*The data*
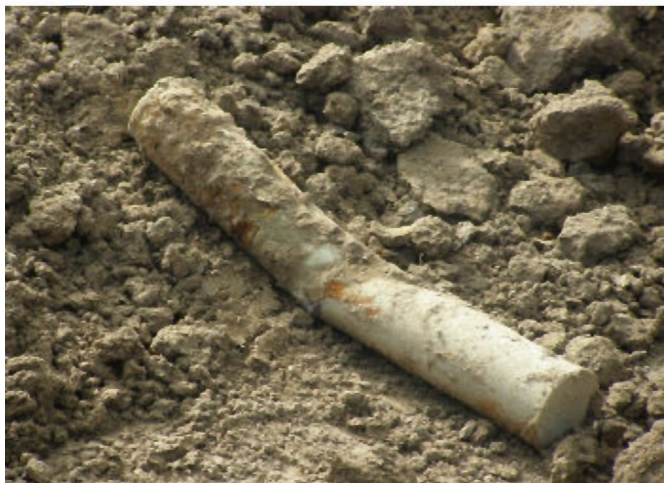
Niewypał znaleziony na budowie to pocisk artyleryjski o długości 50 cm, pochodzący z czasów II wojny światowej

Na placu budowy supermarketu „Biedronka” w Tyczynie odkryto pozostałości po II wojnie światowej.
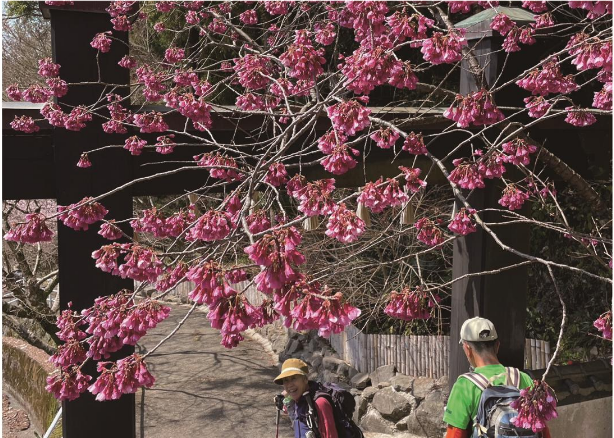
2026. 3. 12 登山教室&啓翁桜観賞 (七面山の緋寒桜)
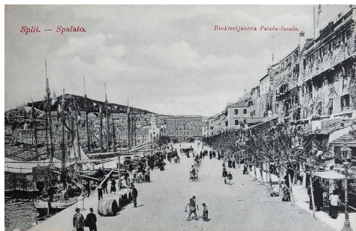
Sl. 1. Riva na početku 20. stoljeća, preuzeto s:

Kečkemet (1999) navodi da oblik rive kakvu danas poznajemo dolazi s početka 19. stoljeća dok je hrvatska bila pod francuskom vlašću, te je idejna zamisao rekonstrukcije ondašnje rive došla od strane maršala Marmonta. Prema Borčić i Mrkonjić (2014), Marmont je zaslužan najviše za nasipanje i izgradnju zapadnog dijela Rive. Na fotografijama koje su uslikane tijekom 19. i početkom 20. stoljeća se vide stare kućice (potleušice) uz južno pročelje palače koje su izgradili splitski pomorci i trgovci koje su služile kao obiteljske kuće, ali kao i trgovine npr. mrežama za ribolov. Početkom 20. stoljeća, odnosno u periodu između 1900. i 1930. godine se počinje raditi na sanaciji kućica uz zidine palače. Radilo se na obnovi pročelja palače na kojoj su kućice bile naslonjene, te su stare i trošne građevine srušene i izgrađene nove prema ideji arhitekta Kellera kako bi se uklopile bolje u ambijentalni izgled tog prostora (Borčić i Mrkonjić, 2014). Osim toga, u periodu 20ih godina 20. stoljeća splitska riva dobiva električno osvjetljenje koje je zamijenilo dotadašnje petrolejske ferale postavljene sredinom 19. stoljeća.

*What is being asked*
Repeat all of the entries above word for word and omit the pictures.

*Result for this task*
Niewypał znaleziony na budowie to pocisk artyleryjski o długości 50 cm, pochodzący z czasów II wojny światowej

Na placu budowy supermarketu „Biedronka” w Tyczynie odkryto pozostałości po II wojnie światowej.
2026. 3. 12 登山教室&啓翁桜観賞 (七面山の緋寒桜)
Sl. 1. Riva na početku 20. stoljeća, preuzeto s:

Kečkemet (1999) navodi da oblik rive kakvu danas poznajemo dolazi s početka 19. stoljeća dok je hrvatska bila pod francuskom vlašću, te je idejna zamisao rekonstrukcije ondašnje rive došla od strane maršala Marmonta. Prema Borčić i Mrkonjić (2014), Marmont je zaslužan najviše za nasipanje i izgradnju zapadnog dijela Rive. Na fotografijama koje su uslikane tijekom 19. i početkom 20. stoljeća se vide stare kućice (potleušice) uz južno pročelje palače koje su izgradili splitski pomorci i trgovci koje su služile kao obiteljske kuće, ali kao i trgovine npr. mrežama za ribolov. Početkom 20. stoljeća, odnosno u periodu između 1900. i 1930. godine se počinje raditi na sanaciji kućica uz zidine palače. Radilo se na obnovi pročelja palače na kojoj su kućice bile naslonjene, te su stare i trošne građevine srušene i izgrađene nove prema ideji arhitekta Kellera kako bi se uklopile bolje u ambijentalni izgled tog prostora (Borčić i Mrkonjić, 2014). Osim toga, u periodu 20ih godina 20. stoljeća splitska riva dobiva električno osvjetljenje koje je zamijenilo dotadašnje petrolejske ferale postavljene sredinom 19. stoljeća.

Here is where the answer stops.